[libdispatch-dev] lib dispatch worker threads may loop depending on compiler optimization

Paolo Bonzini bonzini at gnu.org
Fri Sep 9 00:39:49 PDT 2011


On 09/09/2011 09:23 AM, Dave Zarzycki wrote:
>>> I doubt it, __sync_lock_test_and_set is a full barrier on x86.
>>> Compiler-wise it is always a full optimization barrier, the
>>> actual semantics depend on the processor.
>
> Strictly speaking, that isn't true. From the documentation:
>
> http://gcc.gnu.org/onlinedocs/gcc/Atomic-Builtins.html
>
> "This builtin is not a full barrier, but rather an acquire barrier.
> This means that references after the builtin cannot move to (or be
> speculated to) before the builtin, but previous memory stores may not
> be globally visible yet, and previous memory loads may not yet be
> satisfied."
>
> In practice, GCC and clang have historically treated
> _sync_lock_test_and_set() as a full barrier, and that is why GCD was
> able to get away with using it to get at the "xchg" instruction.

Yes, the documentation is conservative.  However, if you look at the 
code (and this hasn't changed in recent GCC):

* moving references before the builtin is clearly prohibited, and so is 
speculating them;

* depending on the target, memory stores may not be globally visible 
yet, and previous memory loads may not yet be satisfied;

* however, the compiler will *never* sink references below the builtin, 
which is what I meant by "compiler-wise it is always a full optimization 
barrier" like asm("":::"memory").

So I find it extremely unlikely that this is the cause of the problem.
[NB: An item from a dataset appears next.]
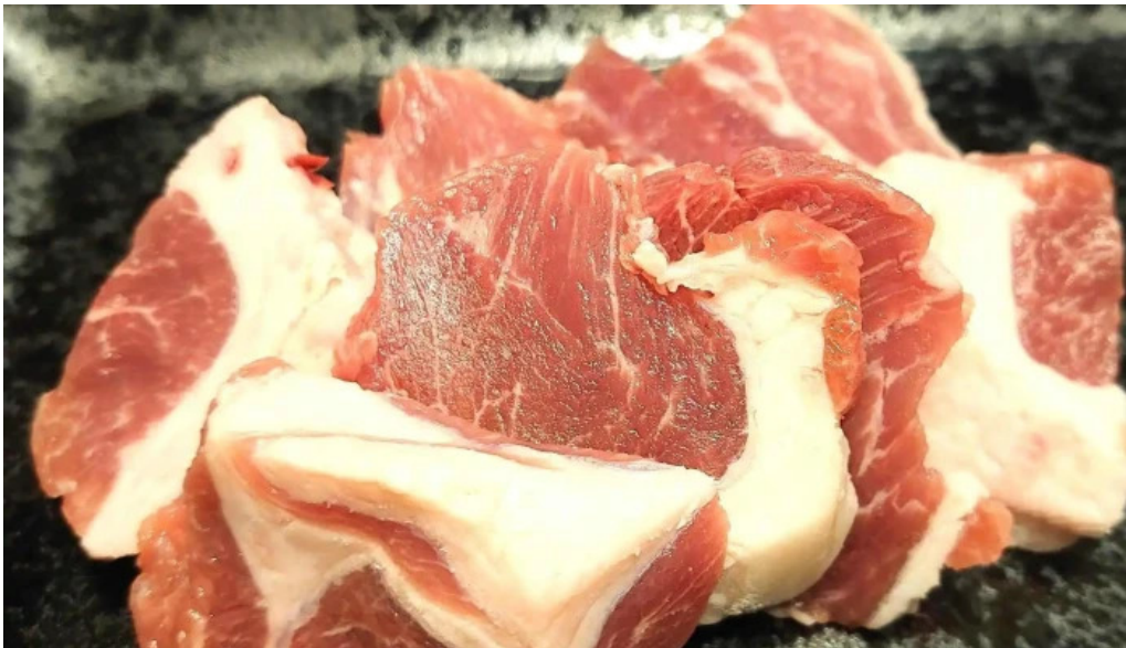
焼肉リキ三代目 comentario 2

It is more likely that an optimization barrier like the above no-op asm 
is missing in the source, and clang is getting away without it. 
Remember that while the x86 does not need explicit read or write 
barriers in the assembly (only full barriers), you do need to write the 
barriers in the code and expand them to no-op asms.  Otherwise the 
compiler may move references across the barrier.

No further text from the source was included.